Accumulators for Task Coordination (Shared Variables Across Executors)
accum = sc.accumulator(0)
def add_to_accum(x):
    global accum
    accum.add(x)
rdd = sc.parallelize([1, 2, 3, 4])
rdd.foreach(add_to_accum)
print(accum.value)  # Output: 10 (tasks coordinate to modify the accumulator)
Task Scheduling: Each task can modify shared variables like accumulators across executors.
Using Broadcast Variables (Efficient Task Coordination)
broadcast_var = sc.broadcast([1, 2, 3])
rdd = sc.parallelize([4, 5, 6])
rdd.map(lambda x: x + sum(broadcast_var.value)).collect()  # Tasks use broadcasted data
Task Scheduling: Broadcast variables allow all tasks to access the same data without duplication across executors.

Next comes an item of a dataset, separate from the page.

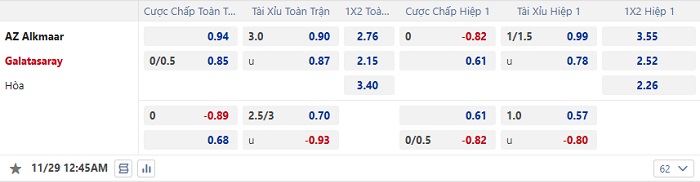 Tip kèo Châu Á hiệp 1 AZ Alkmaar vs Galatasaray

Parallelize Data from External File (Task Scheduling on External FS)
rdd = sc.textFile("hdfs://namenode:8020/data/logs/*.log", minPartitions=3)
rdd.count()  # Spark schedules tasks to read from H
DFS
Task Scheduling: Spark schedules tasks to read data from HDFS, dividing the file into 3 partitions.
- RDD from Multiple Files (Task Scheduling for Multi-File Input)
 
rdd = sc.textFile("file:///tmp/*.txt")
rdd.map(lambda x: len(x)).collect()  # Tasks are scheduled across the files
Task Scheduling: Spark schedules tasks for each file across the available executors.
- Using foreach to Apply a Function Across Partitions
 
rdd = sc.parallelize([1, 2, 3, 4], numSlices=2)
rdd.foreach(lambda x: print(x))  # Each task prints an element
Task Scheduling: Spark schedules a task per partition to apply the foreach function.
- Transformations with flatMap (Task Scheduling with Flat Data)
 
rdd = sc.parallelize(["hello world", "how are you"])
flat_rdd = rdd.flatMap(lambda x: x.split())
flat_rdd.collect()  # Task schedules data into flat format
Task Scheduling: Spark schedules tasks to split data and flatten the structure.
- Checkpointing (Task Coordination for Fault Tolerance)
 
rdd = sc.parallelize([1, 2, 3, 4, 5])
rdd.checkpoint()  # RDD checkpointing to improve fault tolerance
rdd.collect()  # Tasks are scheduled after checkpointing
Task Scheduling: Spark creates checkpointed RDDs, optimizing data recovery in case of failure.
- Create RDD from Pandas DataFrame (Task Scheduling for Data Interchange)
 
import pandas as pd
pdf = pd.DataFrame({"col1": [1, 2, 3], "col2": [4, 5, 6]})
rdd = sc.parallelize(pdf.values)
rdd.collect()  # Task scheduling for converting DataFrame to RDD
Task Scheduling: Spark schedules tasks to convert pandas DataFrame data to RDD.
- Using combineByKey for Custom Aggregation
 
rdd = sc.parallelize([("a", 1), ("b", 2), ("a", 3)])
combined_rdd = rdd.combineByKey(lambda x: (x, 1),
                                lambda x, y: (x[0] + y, x[1] + 1),
                                lambda x, y: (x[0] + y[0], x[1] + y[1]))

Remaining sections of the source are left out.